Month: November 2016

In Stunning Upset, Real World Defeats Data

screen-shot-2016-11-09-at-2-47-35-pm

Between 8pm and 12pm ET last night, The New York Times’ presidential prediction swung from 81% Clinton to 95% Trump. Slate’s VoteCastr forecast of voter turnout flailed on all seven of their key states. Mike Murphy, long-time political pundit said on MSNBC, “Tonight, data died.” And Sam Wang at the Princeton Election Consortium, who called the election for Clinton on October 18th, now has to eat a bug.

There are only three ways to criticize analysis you disagree with. One, go after the analyst. Two, the methodology. Three, and most common, both. All of these have already happened.

Last week, Ryan Grim at The Huffington Post accused Nate Silver of abandoning polling for punditry. This morning, HBR  bemoaned the sorry state of poll data in an age of cell phones and caller ID. Also today, The Chicago Tribune published a eulogy for the entire “profession of prognostication.”

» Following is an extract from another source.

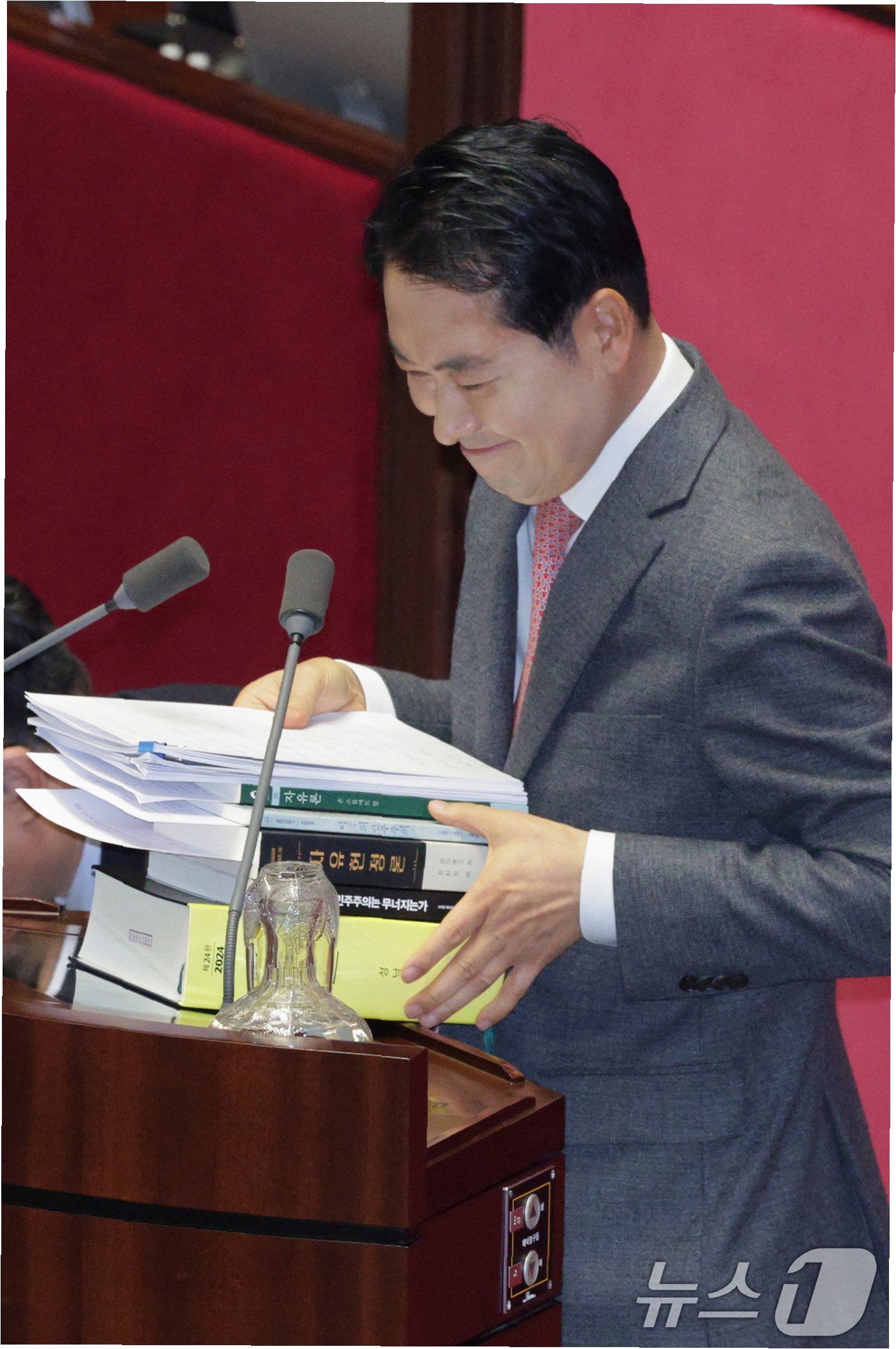 홀로 24시간을 모두 쓰면서 역대 필리버스터 최장 기록 17시간 12분도 넉넉하게 갈아치웠습니다. 새벽녘 필리버스터 최장 기록을 경신했단 소식에 국민의힘 의원들은 아침 일찍 본회의장으로 달려가 힘을 보탰고, 토론 종결 뒤에도 연단에서 내려오는 장 대표를 기립박수로 맞이했습니다.
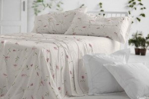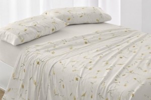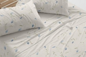 Juego de sábanas de inspiración botánica en tono crudo con matices gris claro que imitan el papel artesanal, sobre el que aparecen ramitas finas en verde y pequeñas flores en color ocre. Un equilibrio sereno muy wabi-sabi, perfecto para ambientes Japandi y dormitorios de estética natural.

But take a cleansing breath. This has happened before. On the way from natural philosophy to modern science, empiricism took a detour through alchemy.

In his excellent book Extraordinary Popular Delusions and the Madness of Crowds, historian Charles McKay recounts tales of collective convictions gone wrong. His chapter on alchemy includes scores of mystics, from Geber in the 700s to Count Cagliostro a thousand years later, who claimed to possess the legendary philosopher’s stone.

In all that time, no one succeeded in turning base metals into gold. Some went mad in their pursuits. Princes lost fortunes financing endless experiments. But the thing that put an end to alchemy wasn’t a ban. It was an evolution into something better. The answer to pseudoscience wasn’t less science, but more.

It seems that data science is in its awkward alchemy phase. And the answer now, as it was then, isn’t less science, but more.

If changes in the real world cause selection bias and sampling problems for traditional data gathering tactics, what new ways would work better? If data-driven model-tuning produces more useful results but obscures the model itself, what new auditing methods would fix this?

Among today’s pollsters and data-modelers there may be Nicolas Flamels, willfully leading the credulous astray with techno-wizardry. But there are modern-day Roger Bacons, too, who fix their errors, advocate for the scientific method and advance the practice of actual data science so we can all understand the real world better tomorrow than we do today.